Imagine you are trying to teach a robot to identify fruits in a chaotic fruit basket.

  • The Collection: They went to a giant online marketplace (GitHub) and picked 200 baskets that were known to have good fruit (projects linked to real scientific papers).
  • The Annotation: They hired three human experts for every basket. These experts read the sticky notes and circled every mention of a "Dataset" or "Software."
  • The Consensus: If two out of three experts circled the same word, the robot learned that it was definitely a "Dataset." If they disagreed, the robot ignored it to avoid confusion. This ensured the training data was high-quality.

What Did They Discover?

They tested the robot using two methods:

  1. The "Guessing" Robot (Zero-shot LLMs): A powerful AI that tries to guess the answers without any specific training on these files. It's like asking a smart person who has never seen a toolbox to guess what's inside just by looking at a photo. It was okay, but it missed a lot of details.
  2. The "Trained" Robot (Fine-tuned Transformers): An AI that studied the 200 annotated files specifically. It learned the patterns.

The Results:

  • The Trained Robot was much better. It learned that "Python" usually means a programming language, while "COCO" usually means a dataset.
  • The "Long Tail" Problem: The robot was great at finding common things (like "Software" or "Datasets") because they appeared often. But it struggled with rare things (like "Workshops" or "Ontologies") because they appeared very few times. This is like a chef who is a master at making pizza but has never tried to make a soufflé because they've never seen the recipe before.
  • The Boundary Challenge: It was hard for the robot to know exactly where a name starts and ends. For example, is the name "TensorFlow" or just "Tensor"? The dataset showed that defining the exact edges of these names is tricky.

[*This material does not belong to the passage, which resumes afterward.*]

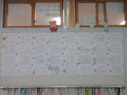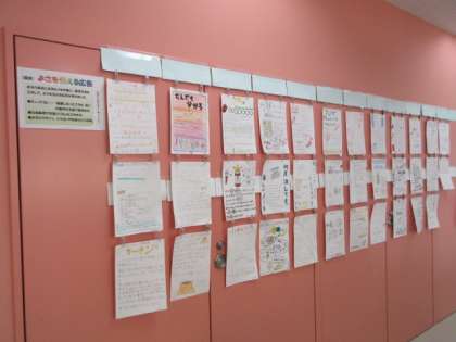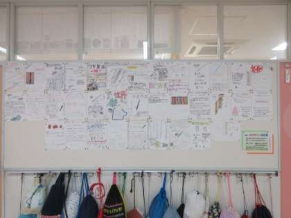 6年生の廊下には、国語の時間に取り組んだ「よさを伝える広告」が掲示されています。身の回りにある物のよさを伝えるために、キャッチコピーを考えました。また、クラスによっては、単元名「なべの国 日本」の時間に各自が調べた「日本のなべ料理」をまとめたものも掲示されています。

Why Does This Matter? (The Downstream Test)

To prove this wasn't just a game, they ran a treasure hunt.
They took the "Dataset" names the robot found in the READMEs and tried to match them to real records in a global database called Zenodo.

  • The Result: The robot was surprisingly good at this! It could take a messy mention like "the COCO dataset" and correctly link it to the official COCO record in the database.
  • The Analogy: It's like finding a handwritten note that says "The big red apple from the orchard down the road" and successfully finding the exact apple in a massive warehouse catalog.

The Big Picture

NERdME is a bridge. It connects the formal world of scientific papers with the messy, practical world of software code.

By teaching computers to understand the "sticky notes" on code repositories, we can:

  • Automatically find the tools scientists used.
  • Link papers to the actual data and code they rely on.
  • Make scientific research more reproducible (easier for others to repeat the experiment) because the "how-to" instructions are finally being understood by machines.

In short, NERdME is the dictionary that finally helps computers understand the messy, real-world instructions scientists leave behind, turning a pile of chaotic sticky notes into a well-organized library of research tools.